You Do You

We must be true to ourselves

You Do You.

Last month I heard a phrase at a family wedding that really struck me. The phrase was You Do You. I have been thinking about this phrase ever since.

Many times in our lives, we want things to go a certain way. We want our children to be this or that, or act in a particular way. Our expectations of others are often very powerful, causing us to want to see something in another that might not actually be there. We try to mold the other or change the other to be what we want or expect.

When I was much younger, in the midst of raising my children, I remember trying to create what it was that I wanted or expected my children to be, as opposed to seeing who they were. This is important in parenting and in all relationships. What I have learned in my own growth and transformation is that it is far less chaotic and tension-filled to allow the people in my life to just be who they are, rather than trying to mold them like clay. It is not healthy for my children to live an inauthentic life, one that is misaligned with who they truly are.

You Do You is such a great phrase to live by because it offers other people the opportunity to be true and authentic. In a heavily focused social media world, so much of what we see is only what people want us to see, the “picture perfect” moments that one shares. You Do You is an opportunity to step away from what others want or think and just focus on ourselves.

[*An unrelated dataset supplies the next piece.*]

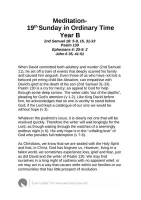 2nd Samuel 18: 5-9, 15, 31-33 Psalm 130 Ephesians 4: 25-5: 2 John 6 35, 41-51

Why am I sharing this? When it comes to our children, I think there are so many expectations that we as parents have daily. We don’t actually behave in a way that says, You Do You. But what if we did? Imagine if we even suggested this to our children and modeled it in our own behaviors. I do not mean allowing children to do anything they want, but, instead, allowing them to be who they want, what speaks to their heart, not what we envision they should be doing.

I believe that this truly reflects a strong affirmation to be you. We all need more encouragement to be who we are meant to be. When we use this phrase in a compassionate and affectionate tone, it truly offers our people freedom – freedom to act or do what people believe feels right for them. To me, this is about encouraging another to do what they want and not care about the judgment or decisions of others. Only they know what is best for them.

When we as parents practice living this way, we are teaching our children through the art of modeling this beautiful way of living life. Our passion for living our lives this way will also help others to pursue what they want for themselves.

When You Do You with love and compassion, not only are you being true to yourself but you are also modeling for your children and family, and the rest of the world how important it is to be yourself, stay true to yourself, and follow your own heart. What does this phrase mean to you? How does You Do You play out in your own life?